Tuesday, April 10, 2018

Great Games - Vampire the Masquerade Bloodlines


This Series of blogs titled 'Great Games' will feature reviews on games which, though may even be buggy and severely flawed, have features which elevate them to an epic level.

Today we look at 'Vampire the Masquerade Bloodlines'.  I'll try to keep it clean but there may be spoilers.



In 2001, Troika Games teamed up with 'WhiteWolf''s RPG and started work on this masterpiece cult classic game.  The 3 heavy hitters of the computer RPG world; the power players from the excellent Fallout series (1&2):  Jason Anderson, Tim Cain, and Leonard Boyarski were at the heart of it.  Troika consisted of 32 people all busting their asses to make the best computer RPG ever made.  That was the goal, anyway...and it had heart.



Troika attempted to add code to Valve's unfinished source engine (the finished one was used in Half-Life 2).  That is where most of the bugs happened.

Ideas flourished while those in the trenches with blowtorches and wrenches (metaphoric) struggled to catch up.  Eventually, David Mullich was hired as a game producer and said 'I know you want the moon and the stars but the budget says you need to start trimming and get a game out or all this code and media goes the way of 'Duke Nukem Forever'...and Troika with it.  DNF had been scrapped twice(?) even by that time.



Even with the cuts, and a little sneeking a peek at Valves code improvements, in November 2004 Activision released the most bug filled RPG ever...competing against (ironically) Half-Life 2.  Doom 3 and Quake 4 came out around that time.  Gamers, who only had a limited amount of money, had to make a choice.  What VtMB had that those other games didn't was heart.  The Soundtrack and ambient sounds were amazing.  Choices and variety of characters?  Awesome!  Dialogue options and individual experience.  Superb!  Combat wasn't anything special except that you could use abilities and essentially spells to make that a unique and fun experience.

So loved was VtMB by the users that they started supporting it well after Troika went belly up (2005).  Troika went broke because they over extended themselves and the returns from sales of this game weren't enough to bring them back.  They were dropped onto the market at the same time as Valve's Half-Life 2 (Some would say this was Valve's intention in response to the 'Stolen' code) and HL2 squashed them in sales.  HL2 was big budget and ran like a well oiled machine compared to VtMB.  Having over extended themselves in this project and sales not compensating for it, the company folded.  It's a damn shame.  We could really use more of this sort of game now!
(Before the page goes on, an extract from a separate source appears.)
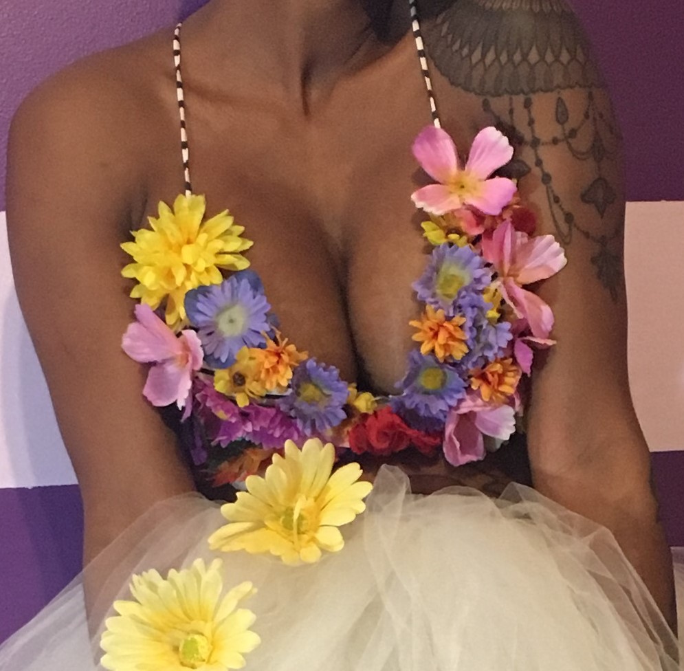 A Cotton bralette featuring a colorful floral pattern and surplice triangle cups.

Yet, with more people comes less creative control and the heart can get lost.  There are examples where, even though the business is big, the heart is still there (Far Cry 3 is one example) but it is rare. 
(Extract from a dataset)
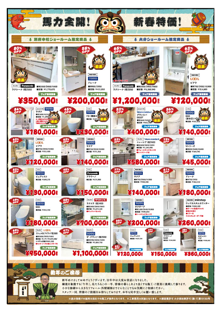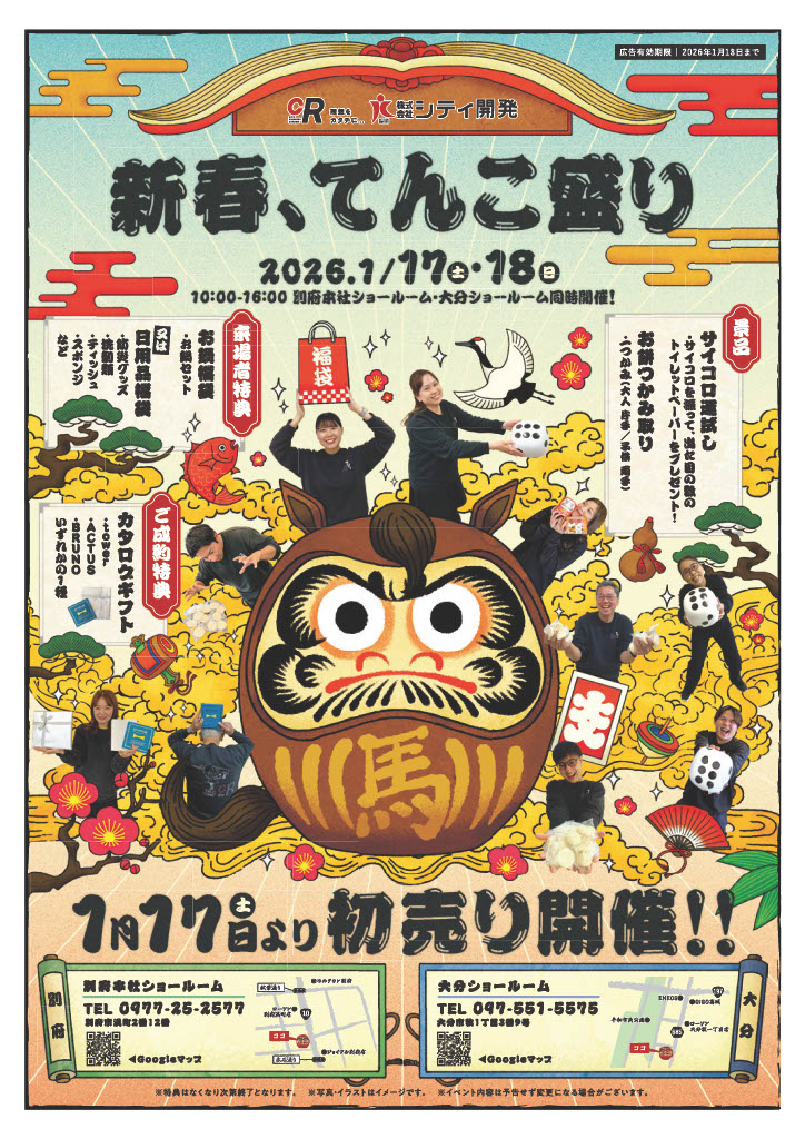 別府・大分ショールームにて『新春!初売りフェア』を開催いたします。

I originally picked it up at a sale on STEAM in 2011 for about $5.  This game has provided me with at least 20 times that in value.  Even now, the objects sometime don't work so well with the environment...or the sprites forget themselves and you find a chair where the door knob is supposed to be.  Just smile and sigh...save and do a restart of the game.

"I can't tonight, hon...Copper, Julius, E, Lilly and Rosa are having a party down by the pier"

Difficulty?  the game is hard enough made more so in the fact that hard choices need to be made early "Do I take an extra point in Strength or buff out my persuasion skill for a test that I know to be coming up?".  This game seems more like comfort food for the haggard gamer.  I was just playing Just Cause 3 before and the guy was surfing a plane while firing an RPG7 at ground targets.  I think I rolled my eyes so hard they actually made a sound!  I thought there would be a choice?  No choice... point and click...and I felt my brain die by the second of this non sense.  This game - the guy has a grappling hook mechanism in his arm.  You can launch yourself to the top of a ten story building in a second...guess what?  if a person actually had this?  Their arm would get there but that's it.  Everything is all super sized and stupid now.  It's funny how an old game about vampires seems more physically realistic than a new game about regular people.  

I enjoy a game where I have to earn being a major badass...not one where it is given to me.  VtMB does that.  The success of this game 'In the wash' has not gone unnoticed.  Paradox games acquired the rights to it in 2015 following their purchase of White Wolf.  They will work on a new project when the time is right.  Could this be a new game of the ages?  When the stupid 'Supersize' bullshit wears off and people realize that you can't fall 10 stories without going 'SPLAT!'.  A game with Troika imagination and the backing to kick it into gear.  The mind reels.  I do love the thought though.